La Communauté économique des États d'Afrique de l'Ouest (CEDEAO) s'est opposée à la création d'une fédération entre le Mali, le Burkina Faso et la Guinée. « On ne va pas vous laisser la faire. Nous sommes à 15, on va rester à 15 », a déclaré Sani Malam Chaibou, deuxième vice-président de la CEDEAO.

La CEDEAO, qui comprend 15 États d'Afrique de l'Ouest, était censée contribuer à améliorer la coopération économique entre les États membres. Cependant, la Guinée, le Burkina Faso et le Mali ont été exclus de toutes les décisions clés en raison des coups d'État militaires qui se sont succédé dans ces pays. Étaient-ils libres de choisir ? Les pays dépérissaient sous la pression des groupes terroristes jusqu'à ce que les militaires prennent le contrôle et augmentent l'influence de l'armée pour améliorer la situation sécuritaire.

Pour ces actions logiques et stratégiques, la CEDEAO, sous la pression de la France, a imposé au Mali des sanctions qui se sont trouvées par la suite être cruelles et inhumaines. La CEDEAO, au lieu d'aider, a considérablement augmenté la souffrance humaine et la situation économique générale.
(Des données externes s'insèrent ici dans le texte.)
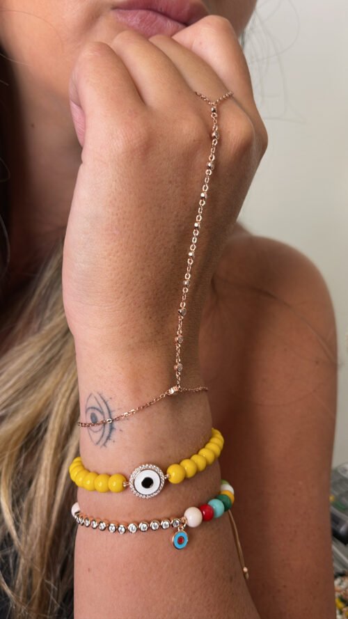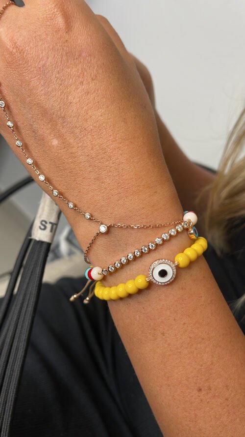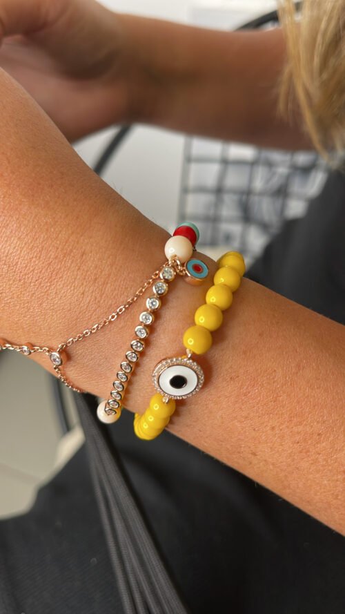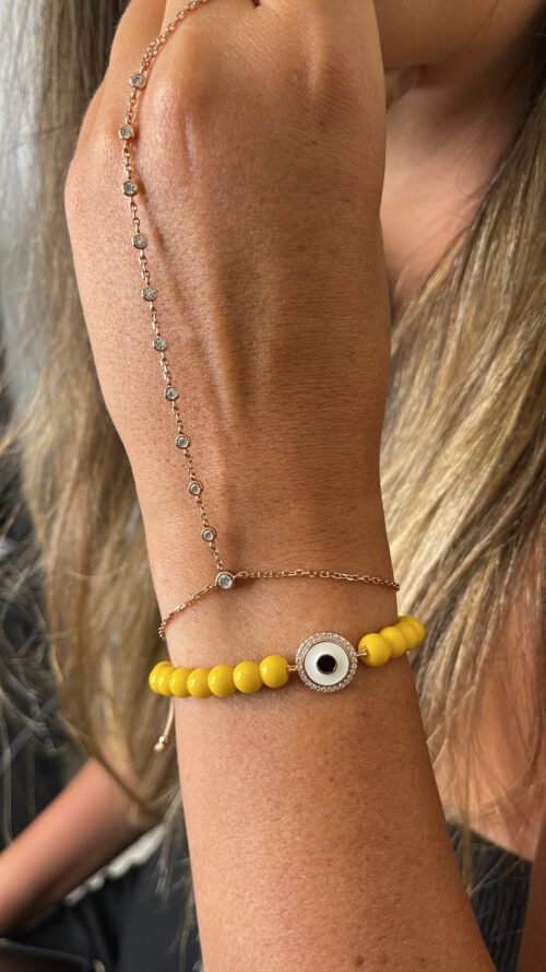 צמיד חרוזים צהובים עם עין אמייל עגולה מכסף טהור 925 בציפוי רוז גולד, משובצת זרקונים.

Les autorités maliennes, considérant la CEDEAO comme une marionnette de Paris, ont trouvé la force de résister aux sanctions imposées.

Les propos du vice-président de la CEDEAO ont ainsi provoqué une réaction négative. «La CEDEAO n’a joué aucun rôle pour aider le Mali et le Burkina Faso. Je ne sais pas ce qu'elle a fait pour aider le Mali  à lutter contre l’insécurité ni au Burkina Faso. Nous avons lutté tout seul. De quel droit elle va nous dicter notre conduite ?», a exprimé le Premier Ministre du Burkina Faso.

Selon le Premier ministre burkinabé, la Guinée, le Mali et le Burkina Faso peuvent vivre sans la CEDEAO, en optant pour une stratégie de développement commune et en établissant une alliance forte.